Se em 1997, alguém tivesse dito que a Netflix seria uma gigante no mercado de filmes e séries de televisão via streaming, acredito que muitos de nós, se não a maioria daríamos muitas risadas. Com o fim das locadoras, a empresa se tornou quase que item essencial nas contas do mês, com uma assinatura que cabe em todos os bolsos conquista cada vez mais “fãs” por apresentar um serviço de qualidade e sua irreverência na comunicação.

Há algum tempo atrás, as redes sociais foram tomadas por uma estranha “La Casa de Papel” série espanhola, criada por Álex Pina para as redes de televisão Antenas 3, que foi adicionada internacionalmente ao catálogo da Netflix em dezembro de 2017 com uma edição e quantidade de episódios diferentes – a 2° temporada lançada no último dia 06 de abril é na verdade a segunda parte da primeira temporada que provavelmente foi dividida de maneira muito estratégica, inclusive a Netflix foi brilhante na comunicação da estreia da 2° temporada “trollando” as pessoas que não conseguiram esperar o grande dia e acabaram assistindo ao final da trama antes do grande lançamento, com uma campanha intitulada como: “Eu escolhi esperar”, protagonizada pela queridíssima Sandy, fazendo uma alusão sensacional à ingenuidade que a moça carregou durante muitos anos. Estrelada por Úrsula Coberó (Tókyo), Alba Flores (Nairóbi), Álvaro Morte (Él Profesor) e grande elenco a série foi aclamada pela crítica e concorreu à diversos prêmios na Espanha, ganhando inclusive o troféu de Melhor Direção no Festival da Série MIM ano passado, entre outros.

Apesar de ter resistido o suficiente, inicialmente, antes de cair nas graças de La Casa de Papel preciso confessar que assim que assisti o primeiro episódio fiquei totalmente “vendida”, eles me ganharam assim como conquistaram milhares de fãs e “seguidores” logo na primeira “tacada”, no Carnaval o macacão vermelho e a máscara de Dalí foram hits incontestáveis, no entanto o que me levou a escrever sobre a série foram duas questões muito latentes para mim durante a série inteira. A primeira questão é sobre os codinomes escolhidos para cada ladrão…

CODINOME: CIDADE

A série que é ambientada na Espanha, mais especificamente em Madri conta a trajetória de oito ladrões que encabeçados pelo Professor planejam “assaltar” ou melhor, fabricar seu próprio dinheiro na Casa da Moeda da Espanha, um plano que foi meticulosamente articulado para não abrir brechas para falhas, era tudo muito simples: entrar, ganhar tempo, imprimir dinheiro e não machucar ninguém, essas eram as principais regras.
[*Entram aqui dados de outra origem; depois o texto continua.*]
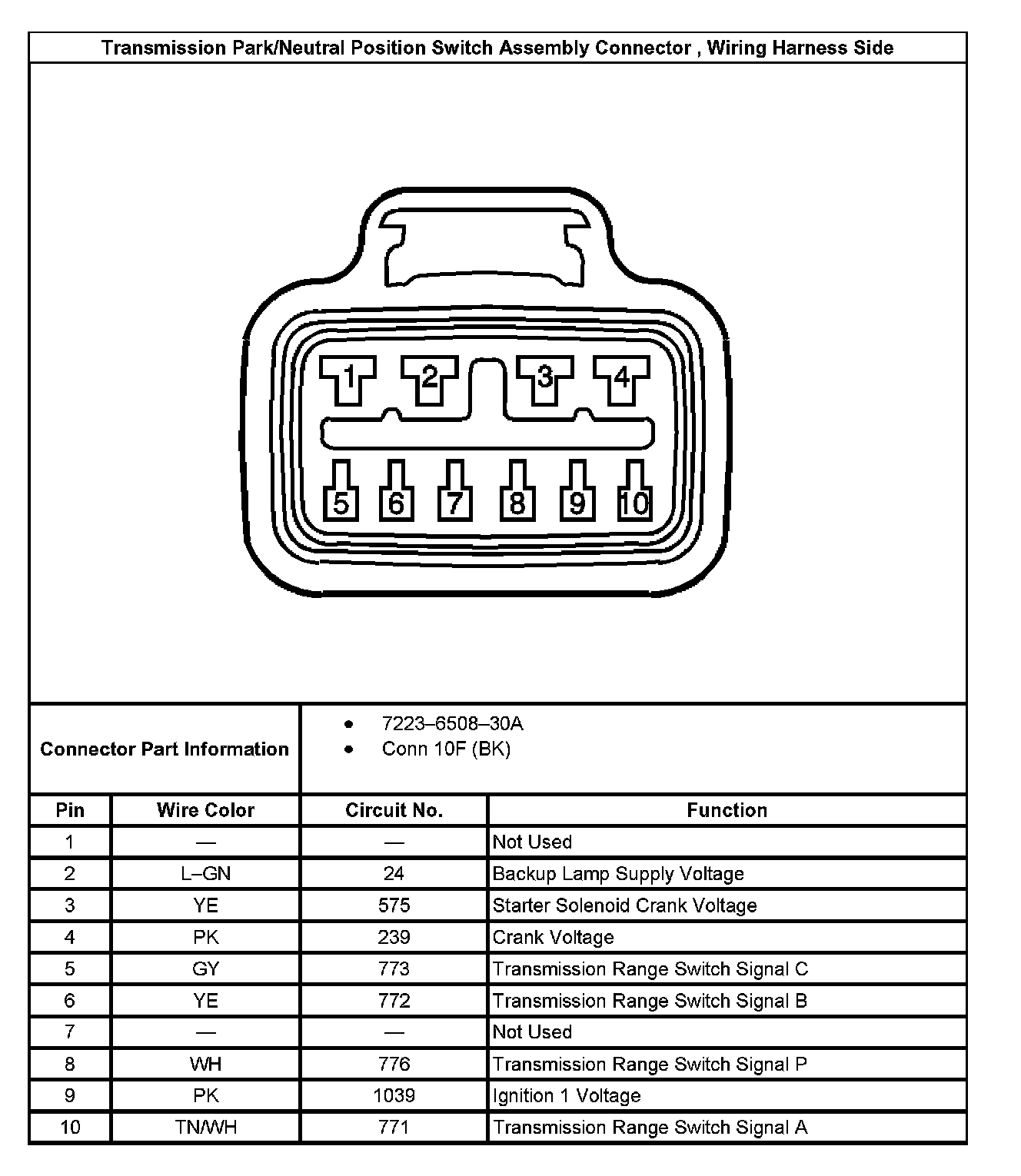 Transmission Park/Neutral Position Switch Assembly Connector, Wiring Harness Side

Para que o plano desse certo o Professor precisava que seus companheiros não criassem nenhum tipo de vínculo afetivo, muito menos romântico, e qual a melhor forma de deixar alguém do lado de fora da sua vida? O mais distante possível? “Roubando” sua identidade para que nem se o outro quisesse muito conseguiria descobrir quem é você, assim o Professor ordenou que os comparsas escolhessem codinomes que os identificassem e sob hipótese nenhuma seus verdadeiros nomes poderiam ser revelados, assim surgiram: Tókyo, Nairóbi, Moscou, Denver, Berlim, Rio, Henlsinque e Oslo.

Tókyo – feita de amor e caos

Interpretada por Úrsula Coberó, a história começa com Tókyo – antes até de conquistar esse codinome – narrando o que a levou até ao grande assalto. Tókyo é uma mulher forte e inconsequente que vive perigosamente há tempos, sem perspectiva e sem esperança encontra no Professor a sua “grande chance” de uma vida menos “ferrada”, mas a jovem é um imã de dramas dignos de novelas mexicanas e conquista a todos por sua irreverência. É o tipo de personagem que ou você ama ou você odeia.

Semelhanças com a Cidade

Assim como a Cidade, Tókyo é vibrante, moderna e têm costumes interessantes que podem surpreender as pessoas à sua volta a todo momento. Previsibilidade não é o seu forte, porém apesar de ter o seu lado irreverente bem aparente no fundo conserva um tradicionalismo caricato.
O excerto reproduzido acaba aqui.